Liskov Substitution Principle

Subclasses should be substitutable for their base class.

The LSP was introduced by Barbara Liskov in her conference keynote "Data abstraction" in 1987.

The conditions for substitutability are complex, and it's worth noting the rules on pre-and postconditions are identical to those introduced by Bertrand Meyer in his 1988 book "Object-Oriented Software Construction".

Robert Martin summarized this as follows:

Functions that use pointers of references to base classes must be able to use objects of derived classes without knowing it.
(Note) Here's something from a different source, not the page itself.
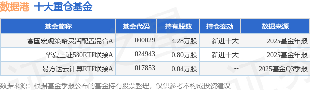 重仓数据港的公募基金请见下表:

In other words, client code that uses an abstract type shouldn't have to modify its behavior depending on the derived type it receives.

Let's look at a classic example of this smell using geometry.

We've implemented the following Rectangle class in our application.

class Rectangle {
  constructor(private width: number, private length: number) {}

  public setWidth(width: number) {
    this.width = width;
  }

  public setLength(length: number) {
    this.length = length;
  }

  public get area(): number {
    return this.width * this.length;
  }
}

One day we discovered the need to extend the application by adding a Square class.

A square is considered a rectangle, so we implement a new Square as a subclass of Rectangle.

We override the setWidth() and setHeight() methods and can reuse the implementation of the area property in the base class.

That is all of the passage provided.